Cuando nos alcanzó la luna me alegré mucho. En la Quebrada ella es la gran riqueza del cielo y
de la tierra, y su presencia me tranquilizó. Casi con alegría, tomé la huella del camino, seguido
por Prudencio y su botella.

Fue cerca de la curva de Don Cosme Cruz, donde sentimos un galope. Ibamos caminando - y a la
vez - escuchando con atención. "Vienen de arriba", dijo Prudencio. "Si", le contesté: "deben de
estar más allá de la casa de Guillo Padilla" (aclaro que aquí, "arriba" es el norte y "abajo" es el
sur; pura verdad topográfica, nada más). "Son muchos", agregué, "más de veinte...¿no?" Mi
compañero se detuvo para escuchar mejor y responder a mi pregunta. "Vienen del lado del
cementerio", afirmó, "pero más parece una tropilla que se hubiera asustado...porque es un
galope 'amontonado' y loco".

No pude menos que admirarlo, era una observación formidable. "Tenés razón", le repliqué,
"tenés razón. Es una tropilla asustada; doblando el camino, la toparemos".
Pero al doblar hacia lo de Guillo vimos las huellas del callejón blancas y solitarias...y trepidantes.
El galope se acercaba frenético y clarísimo, pavoroso.

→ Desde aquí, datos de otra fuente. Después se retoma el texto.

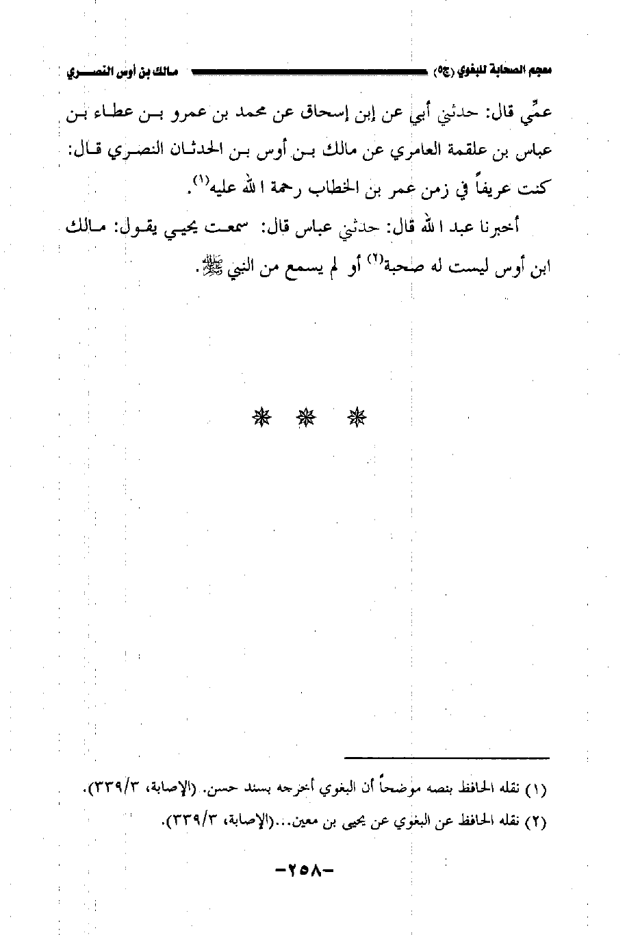 أخبرنا عبد الله قال: حدثني عباس قال: سمعت يحيى يقول مالك بن أوس ليست له صحبة أو لم يسمع من النبي صلى الله عليه وسلم.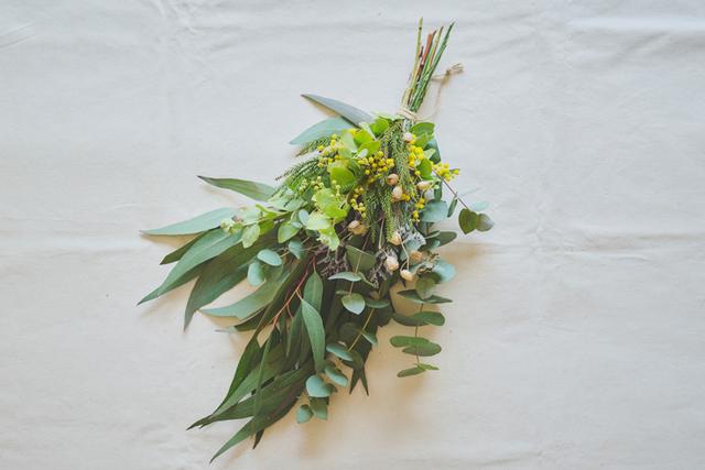 花屋さんで手に入りやすい植物を使った、だれでも手軽にできるスワッグのつくり方をご紹介します。季節を感じる花を加えるのがおすすめで、ここではミモザを使いました。

No había calle ni senda transversal; entró a dominarme el miedo y miré a Prudencio como para
que me salvara. El, a mi lado pestañeaba rápidamente, nervioso. El galope estaba muy cerca ya, y
era como el de un malón. Entonces, para mí, que Prudencio se enloqueció. Arrojó la botella hacia
delante, con energía espantosa, como contra alguien. "Cuidado", gritó y me dio un empujón
hacia la cuneta. Yo rodé entre los yuyos mientras el galope me envolvía en ruido. No vi a nadie.
No vi nada. Cuando pasó, busqué a Prudencio...lo encontré como a quince metros atrás de mí,
mutilado y pisoteado, todavía caliente, húmedo, vaporoso de sangre y tierra.